Scientific Research

What kind of research is Kanyana involved in?

Kanyana has significantly contributed to native animal health by being involved in many research projects. Researchers have looked into bobtail flu (also called Upper Respiratory Tract Infection/URTI), bobtails as intermediate hosts of the nematode Abbreviata antartica, health management of bilbies, and the wart virus found in Western Barred Bandicoots.

At the 2016 Australian Wildlife Rehabilitation Conference in Melbourne, Kanyana volunteer Lindy Brice presented a paper on AGY. You can download it here (PDF 5.6MB).

At the 2018 Australian Wildlife Rehabilitation Conference in Sydney, Kanyana volunteers Lindy Brice and Gwyneth Thomas presented a paper on Coccidia. You can download it here

At the 2018 Australian Wildlife Rehabilitation Conference in Sydney, Kanyana volunteer Carol Jackson presented a paper on Improving Treatment Outcomes for Bobtail Lizards. You can download it here

Why does Kanyana do scientific research?

Kanyana has access to thousands of native animals every year, who are often sick or diseased.
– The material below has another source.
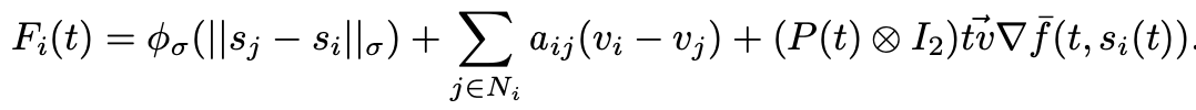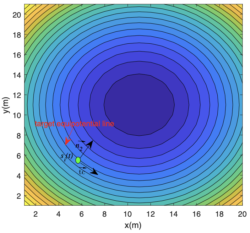 在上述AUV的输入控制中,第一部分是基于势场的梯度,该梯度被指定为保持AUV集群并同时避免碰撞;第二部分是速度匹配旨在使SDN-AUVNS中每个AUV的速度统一;最后一部分是用于跟踪等势线的导航反馈。

As well as our mandate to rehabilitate wildlife, we have the opportunity to partner with universities to study what causes sickness – and how to treat it – as well as study the general life habits of some of the rarer species. 

Who does Kanyana work and partner with?

Research at Kanyana is conducted by researchers from a variety of institutions including Murdoch University, University of Western Australia, Edith Cowan University and Curtin University.

Kanyana has been recognised for its unique wildlife training potential and has a formal education and training role with Murdoch University and informal roles with Curtin University and UWA. Undergraduate veterinary students spend a set time at Kanyana, as part of their 2nd year and 5th year course requirements, to gain and further their experience with wildlife. Postgraduate students in Conservation Medicine can complete their practical placements at eight facilities around the world; Kanyana is one of them.

Has Kanyana been responsible for any new discoveries?

There have been numerous new species of coccidia discovered at Kanyana. The first of these, Eimeria kanyana was discovered in western barred bandicoots in 2006 and the work published in the Journal of Parasitology 92 (6) (2006) 1292-1294.  Researchers from Murdoch University have recently discovered and partially characterized a novel Nidovirus that is associated with respiratory disease in wild shingleback lizards (PLOS One 11 (11) (2016).

Where can we read the published papers?

You can purchase journal articles online through the Journal of Parasitology or the Journal of Experimental Parasitology (for the other new species of coccidia discovered).  If you are a student or staff member of a university, you don’t have to pay; you can log in through your library and access the articles using your university’s subscription.

How can I get involved?

Kanyana has always tried to accommodate self-funded researchers, and has provided research opportunities for many undergraduate, postgraduate and postdoctoral students.